Эта страстная полемика подпитывала русско-византийское возрождение в искусстве и архитектуре, и не случайно на окраинах Российской империи отдавали предпочтение именно специфически византийским мотивам. Памятники в русско-византийском стиле стали появляться по всей территории Центральной Азии, Северного Кавказа, в Причерноморье, вдоль Транссибирской железнодорожной магистрали. На недавно завоеванных территориях впечатляющий размах и богатый декор таких свежепостроенных соборов в русско-византийском стиле служили для местного населения наглядным напоминанием о мощи и богатстве царской России – особенно в тех регионах, где сохранялись местные традиции, например в Польше и прибалтийских провинциях, где, как отмечает Ричард Уортман, эти «новые церкви и соборы не позволяли местным жителям забыть, кто правит их землей» [Wortman 2003: 103]. Так, например, в Ревеле (Таллинне) на холме Тоомемяги (Домберге), в самой значимой части города, был построен огромный собор Святого Александра Невского (1894–1900), причем таким образом, чтобы он возвышался над многочисленными лютеранскими церквями и занимал «красивое, самое заметное место, подобающее православному храму в Российском государстве»[21 - По вопросу о строительстве собора в г. Ревеле, Эстляндской губернии // РГИА. Ф. 797. Оп. 91. Л. 6. Цит. по: [Wortman 2003: 110].].
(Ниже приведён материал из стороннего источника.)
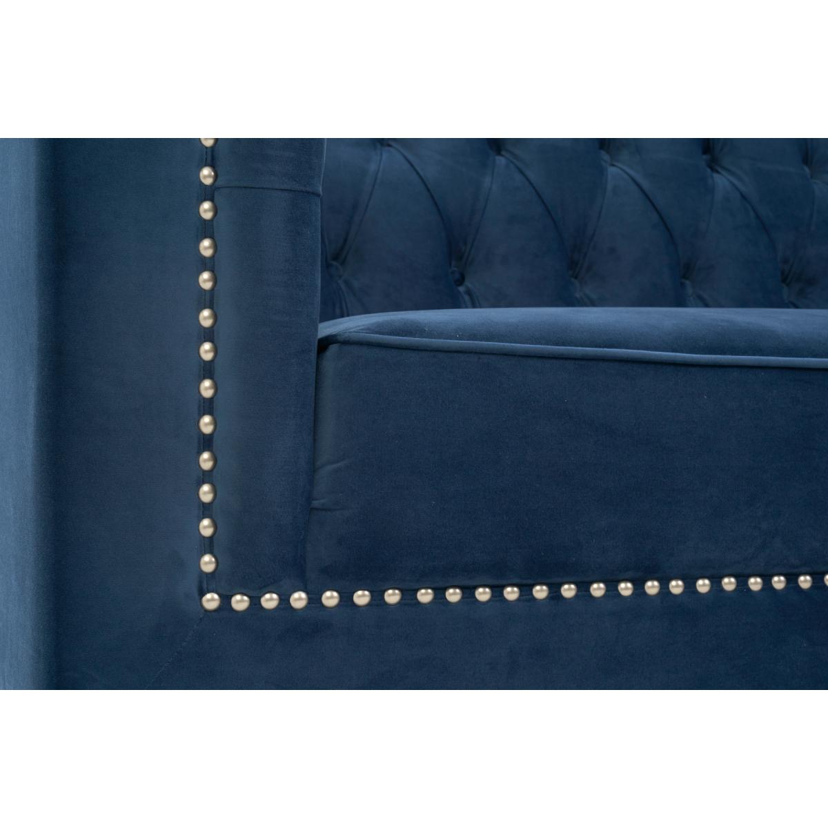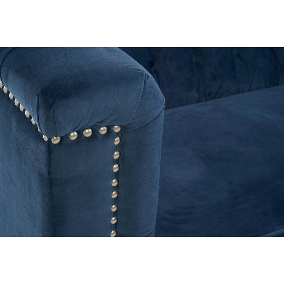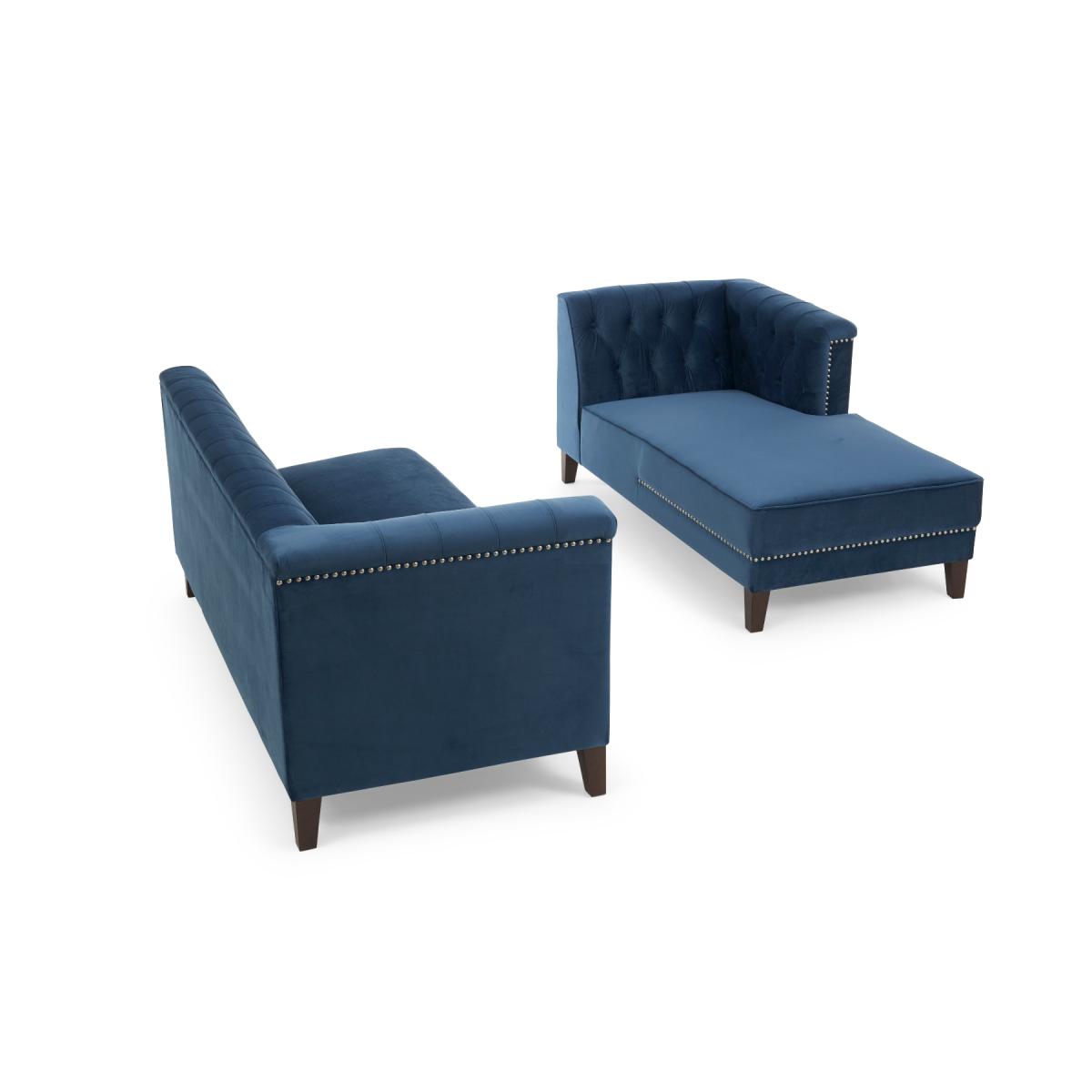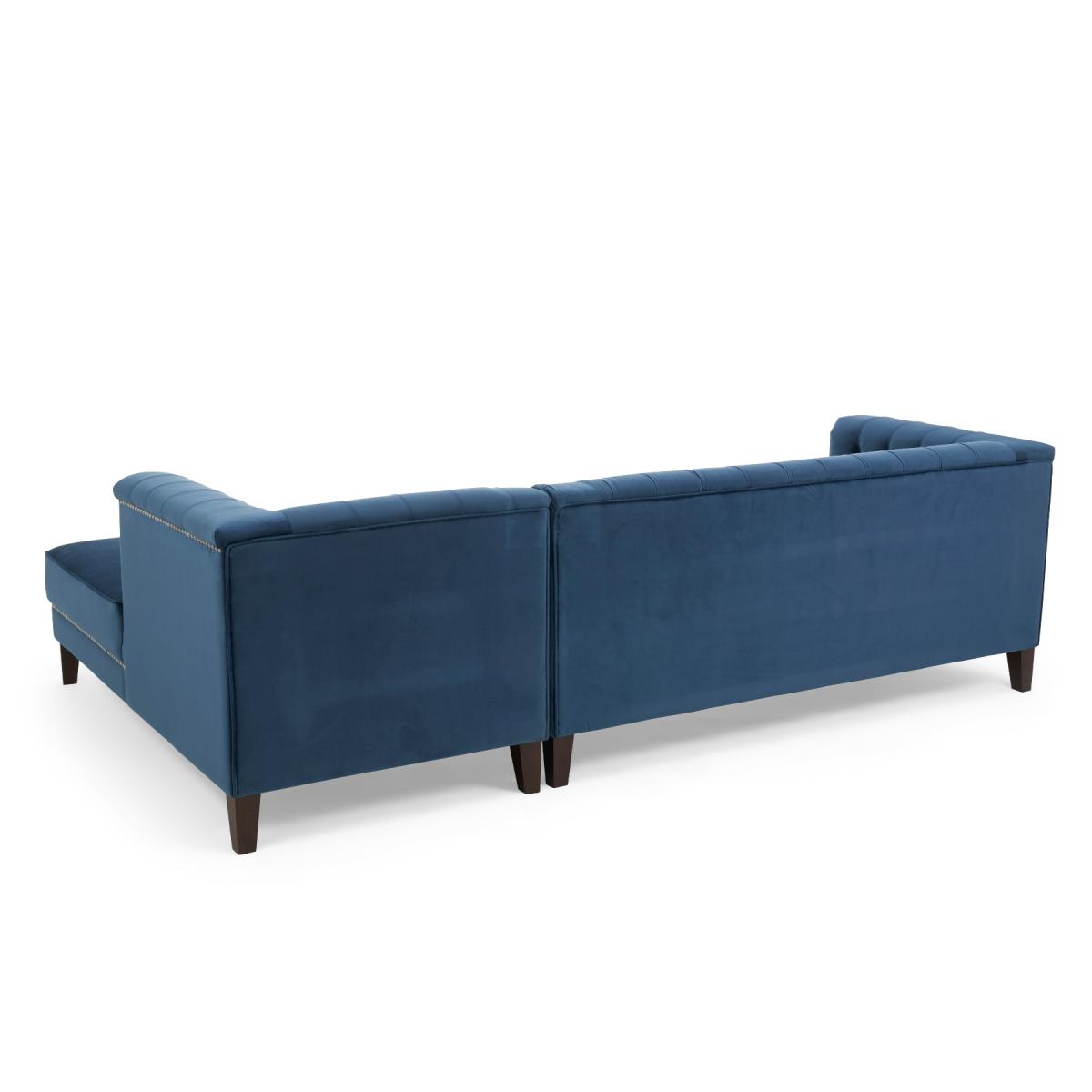 Covered in our plush, luxe velvet upholstery in a beautiful jewel-blue, the elegant Tammie Chaise Sofa features a deep foam-filled, 3 cushioned design, with tufted inset button detailing to the plump backrest and arms. Trimmed in contemporary grey metal studs for a stylish update on a classic design, with sturdy, tapered dark legs to support. Chesterfield tufted buttons to the backrest and arms add sophistication as well as cosy comfort. With two large deep foam-filled seats, and one longer chaise style for the whole family to relax on. Metal studded trims modernise a classic, much-loved design. Soft velvet upholstery adds a luxurious feel, and of-the-moment texture. Comes with 4 free scatter cushions to complete the look. Also available in a Left Facing Option

Кроме того, в результате побед империи на Балканах и в Центральной Азии под влияние России подпали бывшие византийские земли, а это значило, что древние византийские памятники можно было теперь изучить ближе, детальнее и дать архитекторам-ревивалистам новые образцы. Это, в свою очередь, «положило начало своего рода обратной археологии: памятники строили для того, чтобы воскресить некое невидимое национальное прошлое, особенно в тех регионах, где, как считалось, это следовало сделать в качестве предостережения и в назидание» [Wortman 2003: 110]. Таким образом, Византию все чаще рассматривали в националистическом контексте, а концепцию «восточного чужака» экстраполировали на мусульманское население Центральной Азии и Кавказа, тогда как византийскому прошлому отводилась совершенно иная сфера воображения. В Киевской Руси всё чаще стали видеть процветающий центр византийской культуры и учености, безвременно уничтоженный кровожадными монгольскими «ордами». Согласно этим представлениям, Византию все больше воспринимали как высокоразвитую цивилизацию в противовес более поздним варварским, примитивным племенам, пришедшим с Востока.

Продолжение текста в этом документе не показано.